Inspired by High throughput Fizz Buzz I coded the problem in Fortran

program main
implicit none
integer :: i
logical :: div_3,div_5
do i=1,1000000000-1
   div_3 = mod(i,3) == 0
   div_5 = mod(i,5) == 0
   if (div_3 .and. div_5) then
      write (*,"('FizzBuzz')")
   else if (div_3) then
      write (*,"('Fizz')") 
   else if (div_5) then
      write (*,"('Buzz')")
   else
      write (*,"(i0)") i
   end if
end do
end program main

and compiled with gfortran -O3 xfizzbuzz.f90 on WSL 2, followed by ./a.out | pv > /dev/null. I get output

7.33GiB 0:11:25 [11.0MiB/s]

while in C

#include <stdio.h>

int main() {
	for (int i = 1; i < 1000000000; i++) {
		if ((i % 3 == 0) && (i % 5 == 0)) {
			printf("FizzBuzz\n");
		} else if (i % 3 == 0) {
			printf("Fizz\n");
		} else if (i % 5 == 0) {
			printf("Buzz\n");
		} else {
			printf("%d\n", i);
		}
	}
}

with gcc -O3 I get
7.33GiB 0:01:17 [97.5MiB/s] , which is about 9 times faster. I assume faster I/O in C is the cause. Can anyone produce a faster Fortran FizzBuzz?

I tried to buffer the output a little bit:

program main
implicit none
integer, parameter :: n = 51
integer :: i, j, k
logical :: div_3,div_5
character(10*n) :: buffer
do i=1,(1000000000/n)-1
   do j=0,n-1
       k = n*i + j
       div_3 = mod(k,3) == 0
       div_5 = mod(k,5) == 0
       if (div_3 .and. div_5) then
          write (buffer,"('FizzBuzz')")
       else if (div_3) then
          write (buffer,"('Fizz')")
       else if (div_5) then
          write (buffer,"('Buzz')")
       else
          write (buffer,"(i0)") i
       end if
   end do
   write (*,"(g0)") buffer
end do
end program main

But it didn’t improve that much, maybe 20 % or 30 %
I randomly tried different buffer sizes, but it didn’t change much.

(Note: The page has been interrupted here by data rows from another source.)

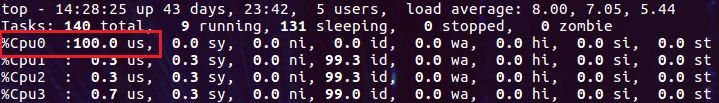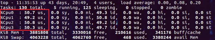 容器 CPU 的负载为 200%,它的含义为单个 CPU 负载的两倍。我们也可以把它理解为有两颗 CPU 在 100% 的为它工作。 再让我们通过 top 命令看看主机 CPU 的真实负载情况:
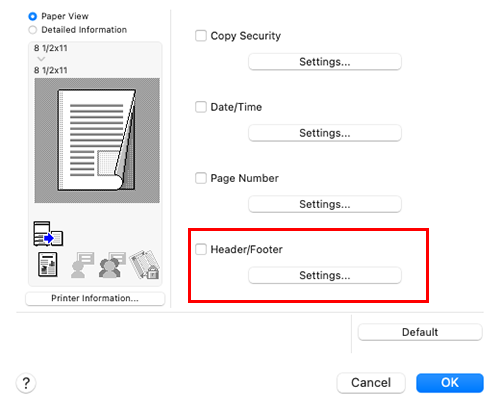 As necessary, change the range of pages on which the header/footer is printed and other settings. For details, refer to the [Header/Footer] settings (described after this procedure).
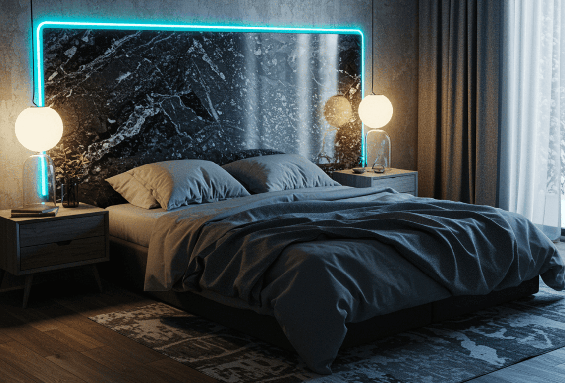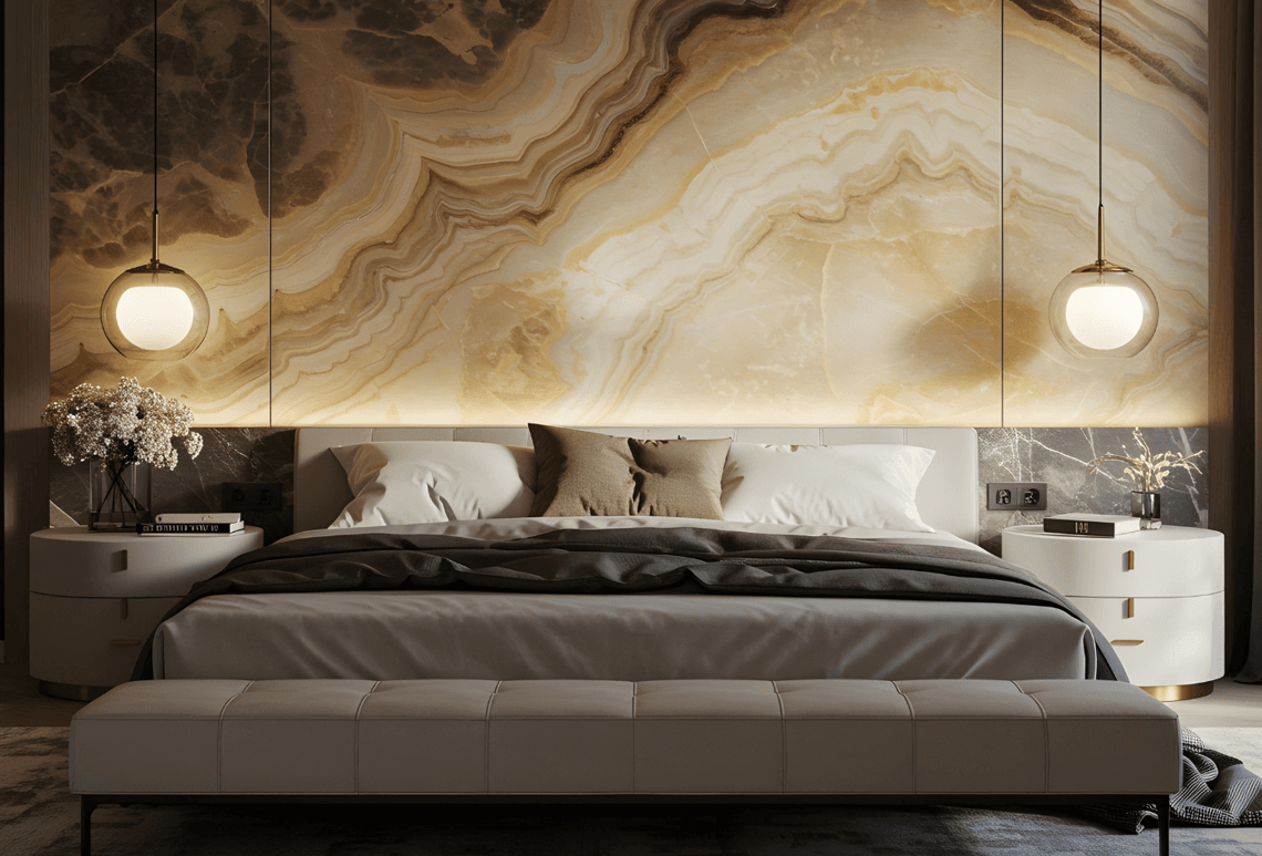 Now add backlighting, and boom, instant luxury hotel vibes at home. The translucent sections of the stone softly glow, highlighting natural patterns that look different every single night. No two slabs are the same, so your headboard is literally one of a kind. Try warm LED backlighting for a cosy, intimate feel, or cool white lighting for a sharp, ultra-modern aesthetic.

Edit: The output isn’t correct anymore. But I’m too tired to fix it. Maybe someone else has more luck with this approach.

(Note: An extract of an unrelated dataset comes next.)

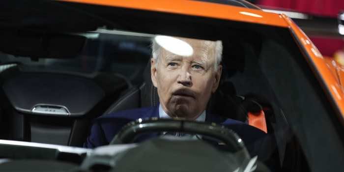 然而,民主党总统跳入了一个明亮的橙色雪佛兰Corvette Z06的驾驶员座位,该卫星Z06起价为106,000美元,不是电动汽车 - 并与GM CEO CEO Mary Barra一起发射了发动机。
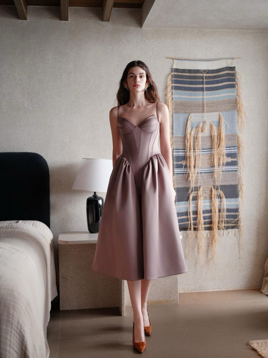 SHEERLUCK Brown & WHITE Mirri Cubic Cut Satin Midi Dress

I have not measured the timing exactly but I get the impression that writing to a file instead of to the terminal might be quicker, although still slow.

I am around 7 MiB/s on a Kubuntu machine with an Intel(R) Pentium(R) CPU G3220 @ 3.00GHz.

With write (*,*) i , I am around 10 MiB/s.

A strange thing is that write (*, *) "i" is around 5 MiB/s, although we could think writing a “i” on screen should be faster than converting an integer to characters…

And it’s not better with ifort (even a little slower than GFortran).

How about writing it all internally and outputting the whole at the end,

implicit none
integer :: i, istart, istop
integer, parameter :: MAXNUM = 10**8
character(1), parameter :: NLC = new_line("a")
character(MAXNUM*10) :: buffer
istart = 1
do i = 1, MAXNUM
    if (mod(i,3) == 0 .and. mod(i,5) == 0) then
        istop = istart + 8
        buffer(istart:istop) = "FizzBuzz"//NLC
    else if (mod(i,3) == 0) then
        istop = istart + 4
        buffer(istart:istop) = "Fizz"//NLC
    else if (mod(i,5) == 0) then
        istop = istart + 4
        buffer(istart:istop) = "Buzz"//NLC
    else
        istop = istart + int(log(real(i)+epsilon(1.))/log(10.)) + 1
        write (buffer(istart:istop-1),"(i0)") i
        buffer(istop:istop) = NLC
    end if
    istart = istop + 1
end do
write (*, "(a)", advance = "no") buffer(1:istop)
end

This is ~6X faster than the original Fortran code,

ifort -O3 original.f90
./a.out | pv > /dev/null
700MiB 0:01:38 [6.64MiB/s]

ifort -O3 modified.f90
./a.out | pv > /dev/null
700MiB 0:00:17 [41.2MiB/s]

While not interested in the highest throughput, at code-golf.io you can attempt to build the Fizz-Buzz program with the least number of bytes/characters. Here was my solution with 133 characters:

character(8)c
do i=1,100
c=''
if(mod(i,3)<1)c='Fizz'
if(mod(i,5)<1)c=trim(c)//'Buzz'
if(c=='')write(c,'(I0)')i
print'(A)',c
enddo
end

The current record-holders manage the same in 64 bytes! (In case you find the solution do not post it here to keep the game fair.)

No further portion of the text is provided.